Evaluation of mixtures vs. monocultures: Forage mixtures frequently produced greater dry matter than monocultures. Mixtures with western wheatgrass yielded best. Mixtures of cool season and warm season grasses generally produced higher forage yield. Adding little bluestem to the mixture can increase the potential for late-season productivity. These patterns were robust over a wide variety of climate conditions, as this study included both one of the driest and wettest years in the history of the region. No significant differences in forage production was observed when researchers compared the dry to wet year, demonstrating the suitability of native species in a variable climate.
Evaluation of genomic tools for forage breeding: researchers found very little difference in prediction accuracy among the three methods tested, although prediction accuracies were lower for traits with lower heritability. Researchers did find that there would be potential gain in prediction accuracy from the application of FAST SNP markers in molecular breeding. Now that this concept has been proven, it can be applied to crested wheatgrass (and other forage species) once their genomic sequences have been established.
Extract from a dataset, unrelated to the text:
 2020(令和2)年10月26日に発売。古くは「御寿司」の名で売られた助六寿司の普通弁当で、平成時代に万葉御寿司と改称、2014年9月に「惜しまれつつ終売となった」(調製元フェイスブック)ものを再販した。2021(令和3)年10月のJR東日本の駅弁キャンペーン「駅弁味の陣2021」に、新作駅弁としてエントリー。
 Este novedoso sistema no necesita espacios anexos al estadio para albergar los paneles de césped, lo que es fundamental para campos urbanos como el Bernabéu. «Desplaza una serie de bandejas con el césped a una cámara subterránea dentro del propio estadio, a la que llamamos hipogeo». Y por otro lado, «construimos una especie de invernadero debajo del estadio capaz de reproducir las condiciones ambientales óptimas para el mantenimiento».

Weed suppression by native species: Researchers found that, of the seven native forages tested, western wheatgrass, little bluestem and side-oats grama can reduce the aboveground and belowground growth of weeds.
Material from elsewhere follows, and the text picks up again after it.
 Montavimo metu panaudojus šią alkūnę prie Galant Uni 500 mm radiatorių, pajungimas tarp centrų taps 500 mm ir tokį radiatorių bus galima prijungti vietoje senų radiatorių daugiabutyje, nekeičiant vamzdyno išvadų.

Optimum sainfoin/grass seeding ratios: Mixtures with hybrid bromegrass yielded highest, followed by crested wheatgrass and then meadow bromegrass. In Swift Current, AAC Mountainview yielded highest. Mixtures with Armada and AC Knowles yielded higher than AC Goliath. At all sites sainfoin monocultures seeded at 100% of the recommended seeding rate yielded similarly to monocultures seeded at 50% of the recommended seeding rate. This means that seeding rate of sainfoin can potentially be reduced by as much as 50% to save on seed costs while maintaining yield.
Grazing behavior and condensed tannins in legumes: Due to poor growing conditions only 3 of the legumes grew well enough to be evaluated for grazing preference, they were cicer milkvetch, Canadian milkvetch, and slender milkvetch, Researchers found no difference in grazing preference. The researchers found no effect of the condensed tannins of purple or white prairie clover on ruminal methane production despite their high concentrations in these forages. Increasing the amount of purple prairie clover in the stand did result in an increase in DM, NDF, and CP, with the greatest effective degradability observed with ratios between 50:50 and 75:25. These results suggest that pastures that contain from 50-75% of PPC in full flower would have the highest nutritive value.
What it Means
The results from this study are valuable for producers when considering establishing or rejuvenating pastures. They also provide researchers with a path forward to continue breeding and improving native forages.